The ones that caved recently were British Airways. They had their ‘Normantons’, cringing and whining - and their pay rates are an embarrassment, and they fly two crew to Chicago from LHR. Delta and Southwest voted down managements offer and produced decent contracts. EBAs that dwarf the Qantas contract, with 20% and 12% profit sharing in 2019. And you want to give up pay and conditions?

If Alan Joyce thought he would make more money by outsourcing ULH at Qantas, he would have already done it. He seems to understand the game. And you don’t.

Normanton et al. dont seem to understand the ultimate joke of this game - These are replacement aircraft. They'll still be stuck as a S.O. With stagnated promotion. Even after they’ve doomed themselves to a low pay contract, and responsible for the new B Scale (sound familiar Normanton ?) of new S.O.
That's a nice personal attack. You seriously think I will be stuck as an SO with a YES vote?

Wait till you vote NO, and a new entity is formed flying the 350. What happens when the 380/330 is retired, and replaced by 350s under the new entity? RIN's and redundancy's for all junior pilots. You familiar with what happened when the 767 was retired and replaced by nothing? Let that sink in to your sub-standard argument.

Pat yourself on the back though, because you did the right thing and tried to protect your legacy conditions for yourself.

Your logic is short sighed, flawed, mis-guided, and quite frankly embarrassing.
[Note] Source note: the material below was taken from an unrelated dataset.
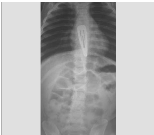
Figure 1. Anteroposterior X-ray – a long hairpin retained in the esophagus

Originally Posted by A little birdie
My understanding is that the legal advice provided to AIPA COM last Friday was that there are few industrial protections in place to prevent what Qantas is proposing with this external crewing company should Qantas pilots vote 'no'. I also heard that AIPA is seeking urgent external opinion to more effectively inform the 10 March COM meeting.
That's a good thing.

As a union member, I would expect them to fully explore all alternatives. Lets' hope they get it right. It would be very embarrassing to recommend a NO vote based on legal advice, only to loose the 350 flying, and the court case at the same time.